Gov. Kristi Noem (R) opposes Medicaid expansion but has pledged to carry out the policy. Noem handily won reelection Tuesday over Democrat Jamie Smith, the minority leader of the South Dakota House of Representatives.
The South Dakota Association of Healthcare Organizations, the South Dakota State Medical Association, and the South Dakota health systems Avera Health, Sanford Health and Monument Health supported the measure, which they contend will reduce uncompensated care and benefit rural providers.
“Avera thanks voters for seeing the importance in expanding Medicaid so that over 42,000 South Dakotans, including farmers, parents and small-business employees, have expanded access to healthcare. This is especially important to our rural population who are more likely to be uninsured,” the health system said in a statement.

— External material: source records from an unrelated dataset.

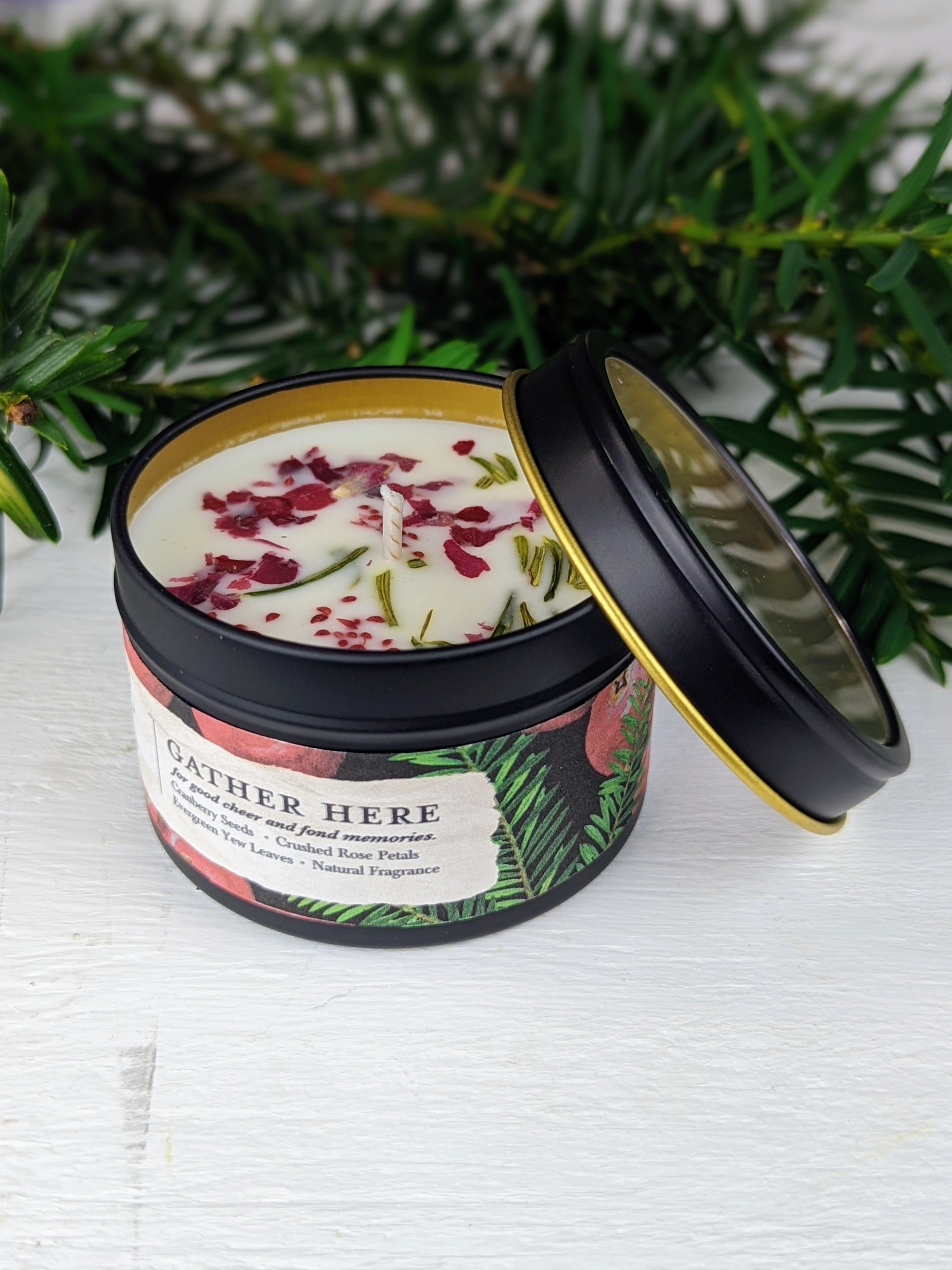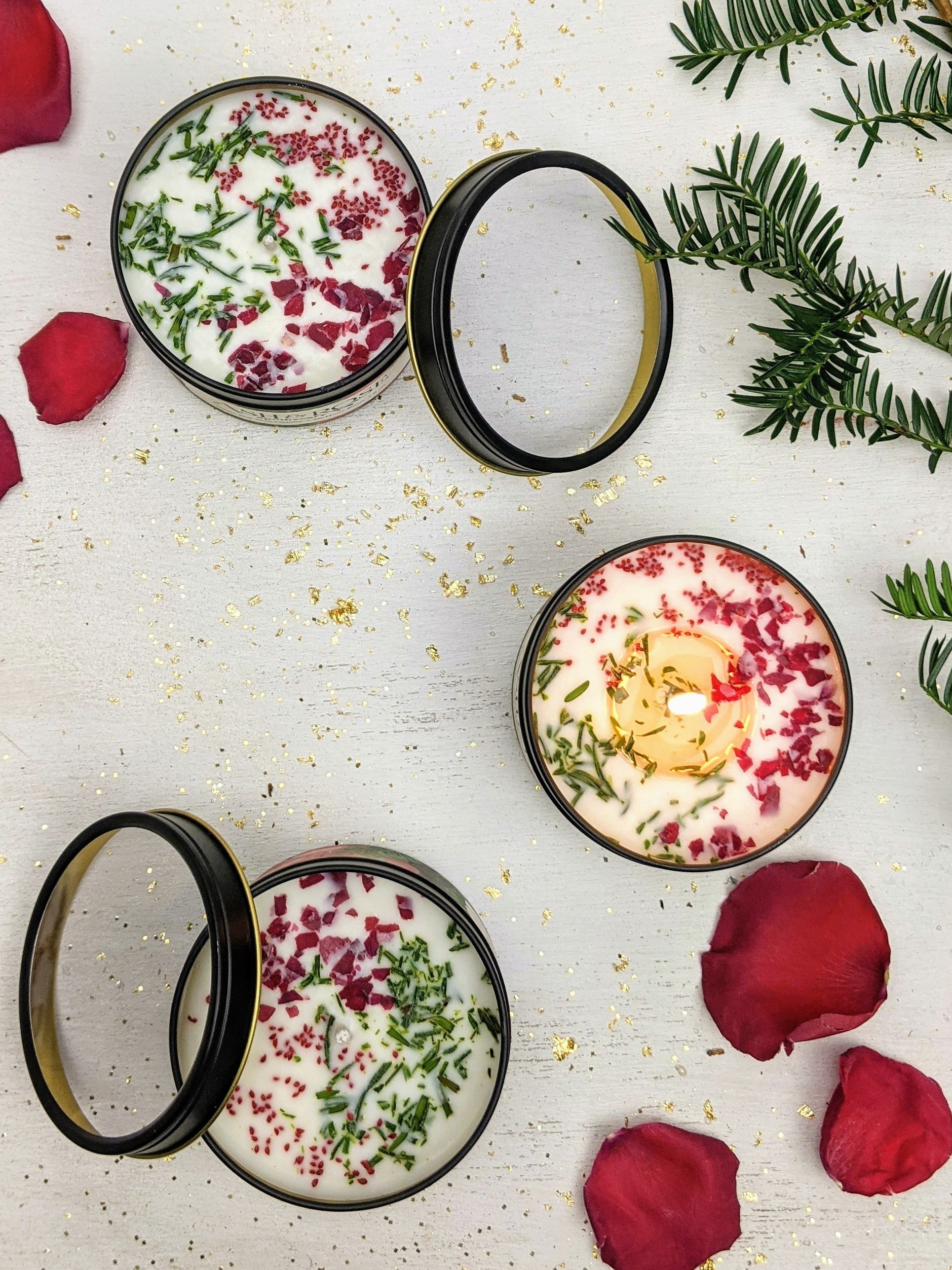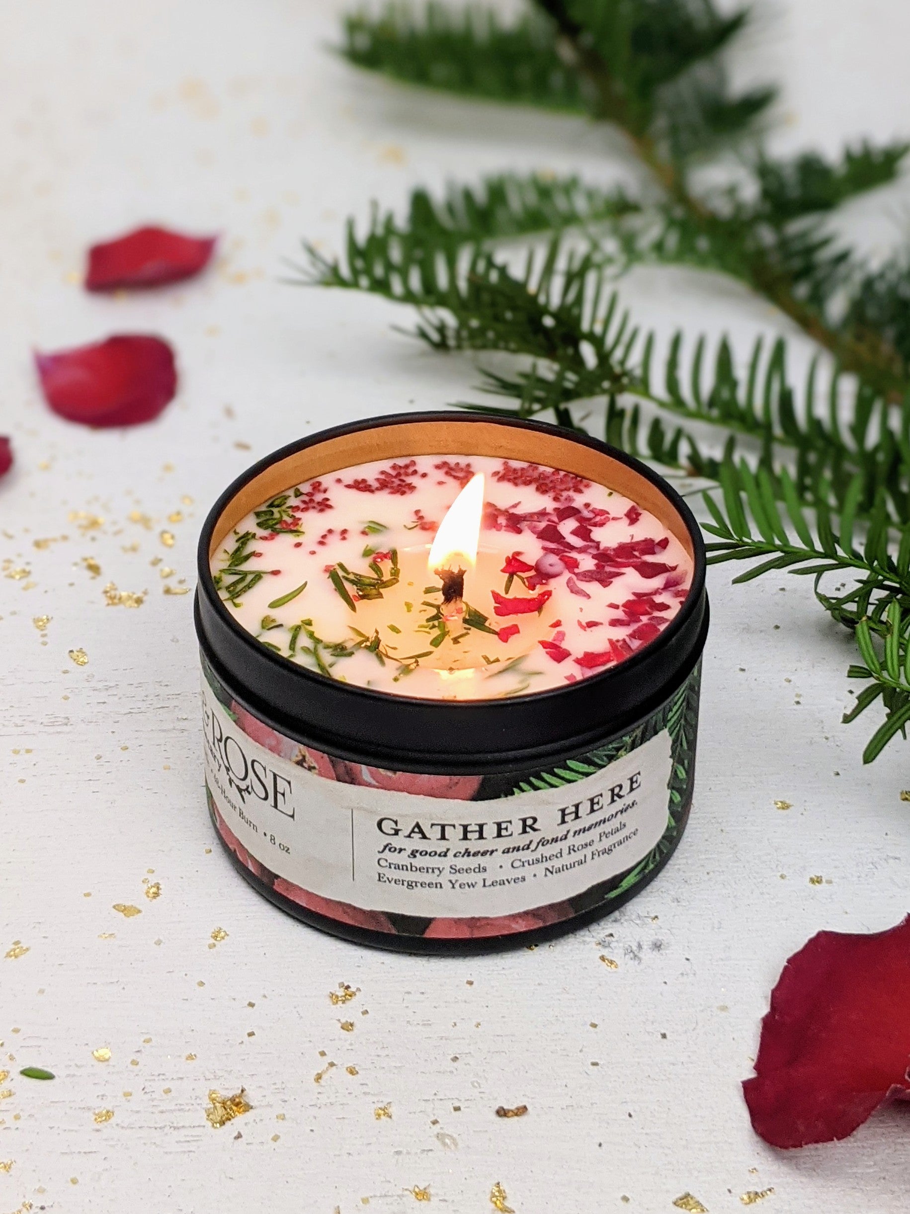 This handmade soy candle is packed with festive color and aroma. The beautiful matte black tin is lined in shiny gold, filled with USA made 100% soy wax, and topped with cranberry seeds, evergreen yew leaves, and crushed red rose petals.
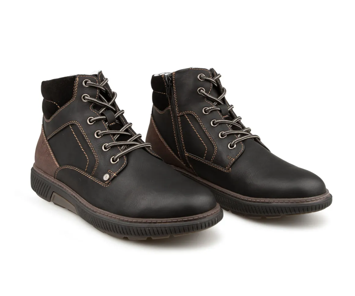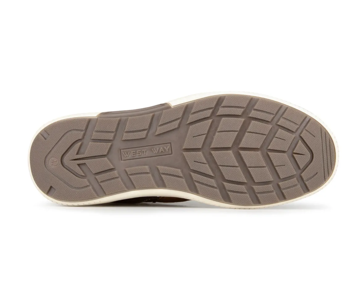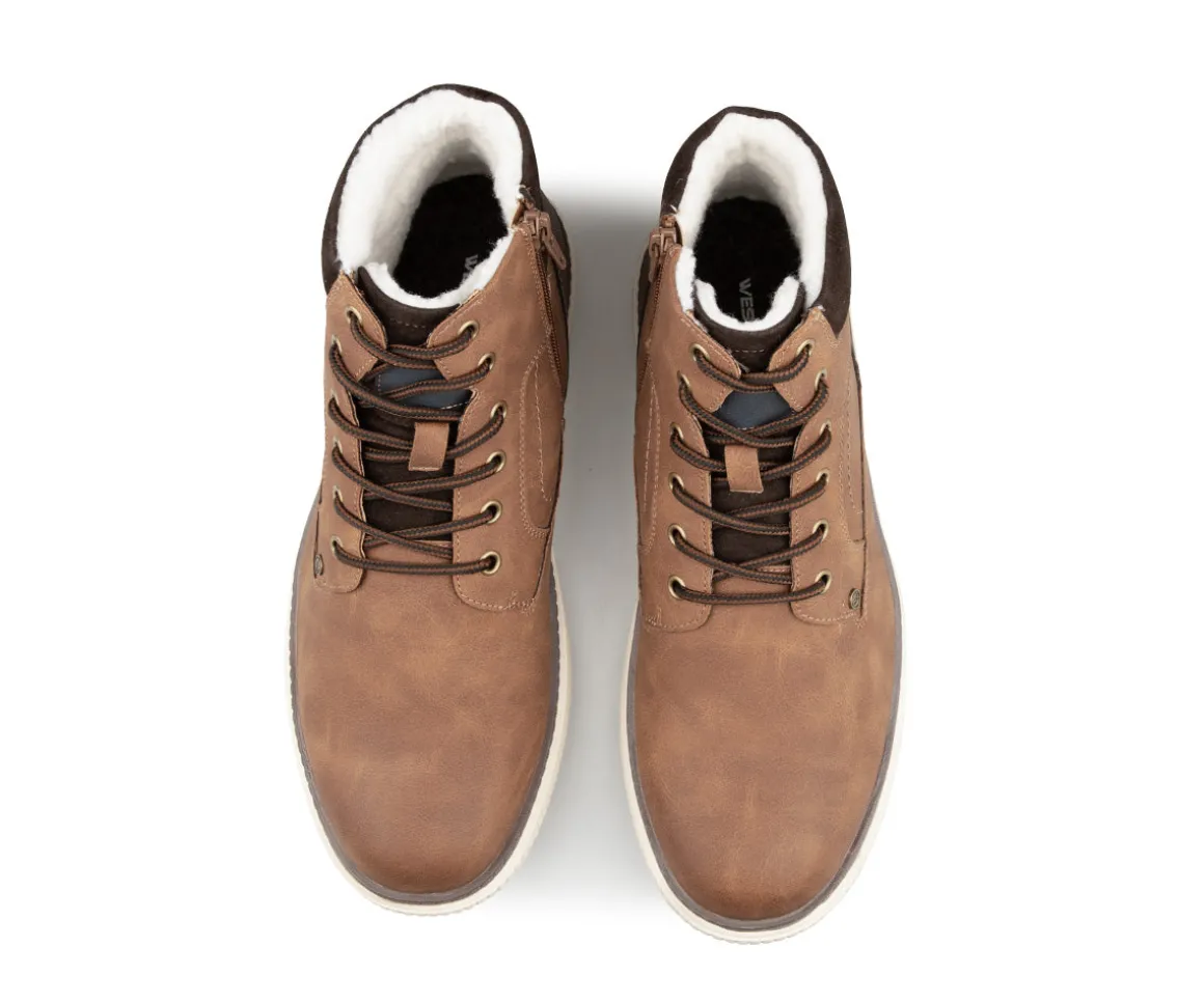 Ces bottillons West Way pour hommes offrent chaleur et confort grâce à leur doublure en laine synthétique. La fermeture éclair intérieure YKK permet un enfilage facile, tandis que la semelle intérieure amovible et la semelle extérieure en TPR assurent un bon amorti et une adhérence fiable au quotidien.
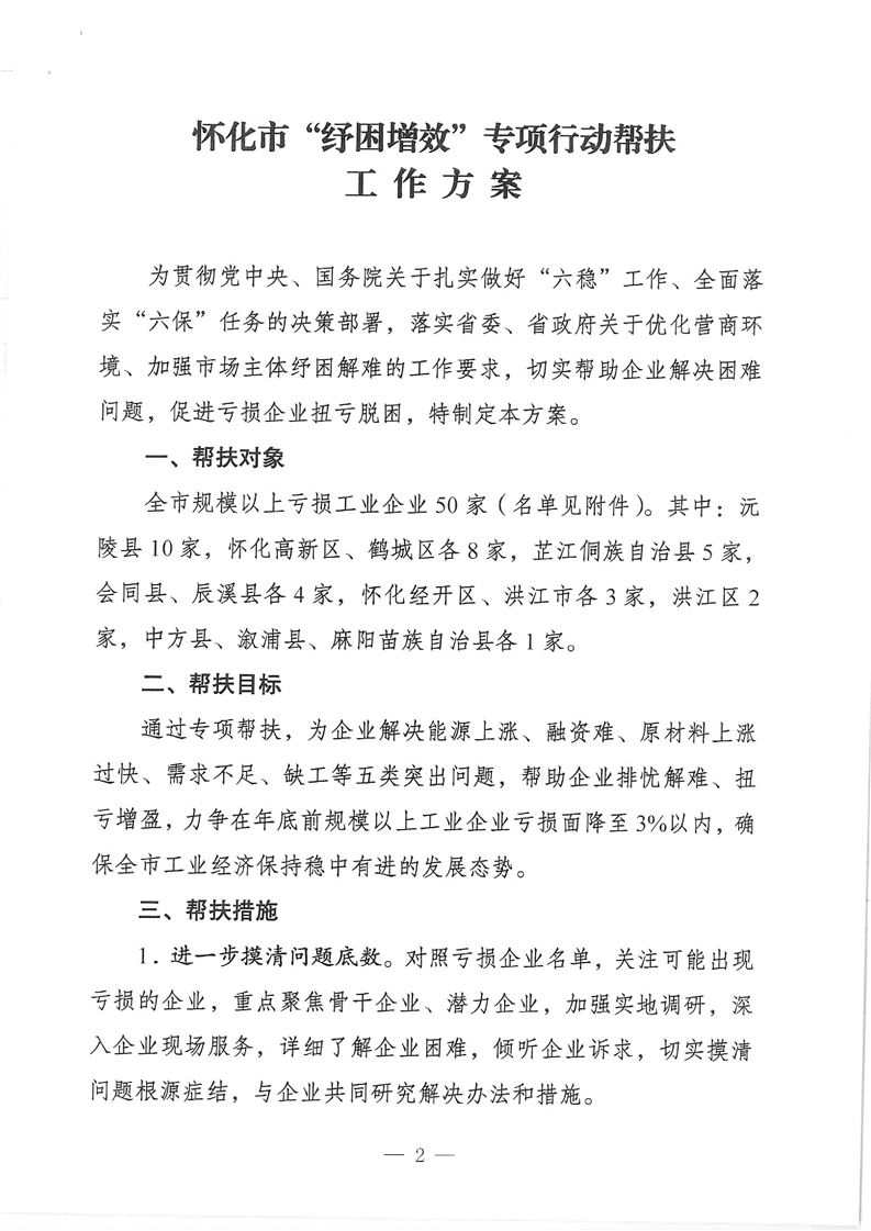 怀化市“纾困增效”专项行动帮扶工作方案(怀办发电〔2021〕70号)
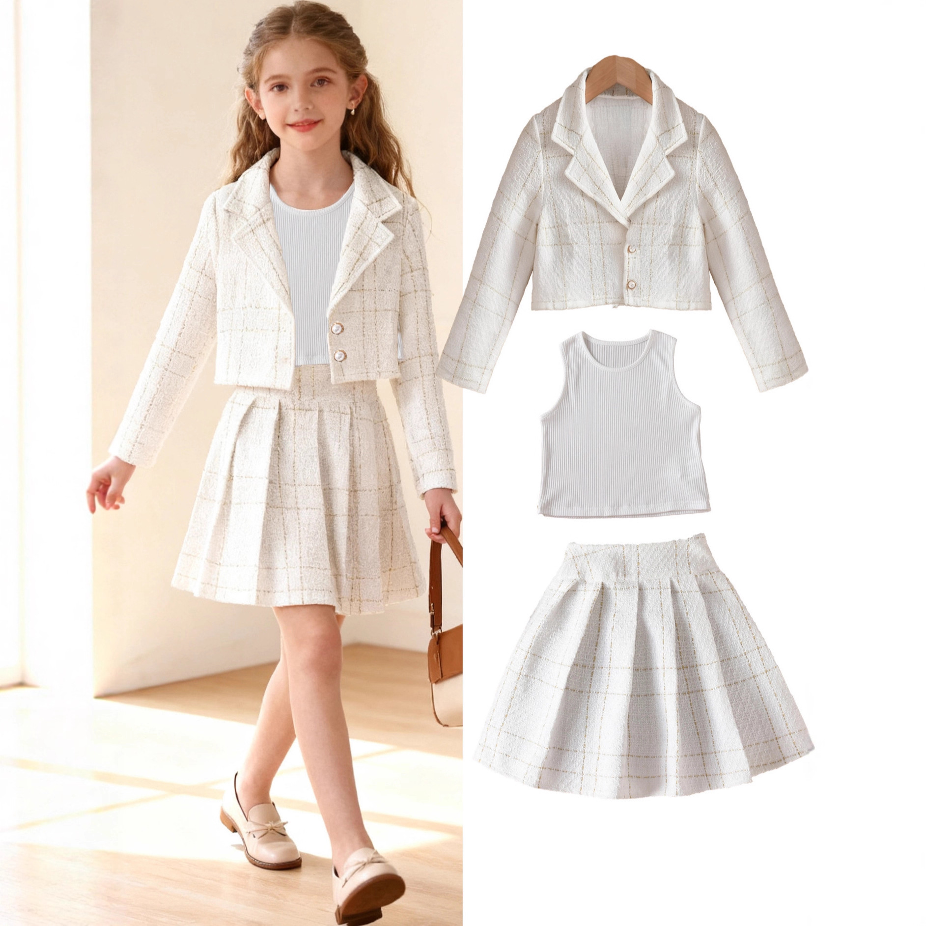 欧美女童小香风三件套装裙春秋新款儿童时尚洋气外套背心半身裙
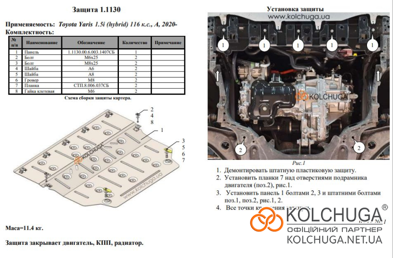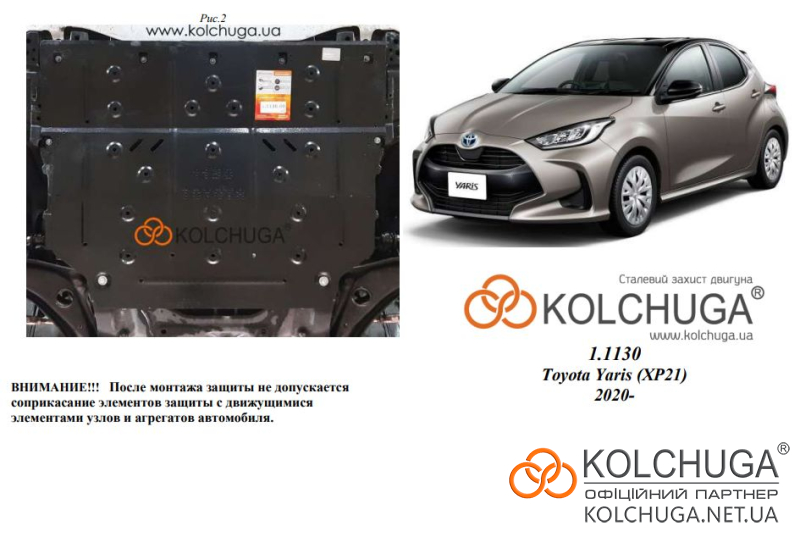 Ochrana motorového priestoru pre Toyota Yaris 4 rok od 2020 sa vyrába pomocou moderných technológií z materiálov najvyššej kvality. Ako základ používame za studena valcovanú oceľ s hrúbkou 2 mm. Pomocou lisovania dávame ochrane jedinečný tvar pre každý automobil tak, aby sa montovala na originálne montážne body bez potreby dodatočného vŕtania alebo zvárania. Vďaka tomu je proces inštalácie maximálne jednoduchý. Všetky potrebné montážne prvky sú súčasťou balenia.

Expansion also attracted the support of community health centers and physicians who argued that broader Medicaid coverage would help clinics expand services. “Extending coverage will help resource our work, enabling us to sustain care in some of the state’s most rural and frontier communities and expand needed services such as behavioral health and dental care,” Shelly Ten Napel, CEO of Community HealthCare Association of the Dakotas, said in a statement.
Other organizations that endorsed the measure include the South Dakota Nurses Association, the South Dakota Farmers Union, the American Heart Association, the American Diabetes Association and AARP South Dakota.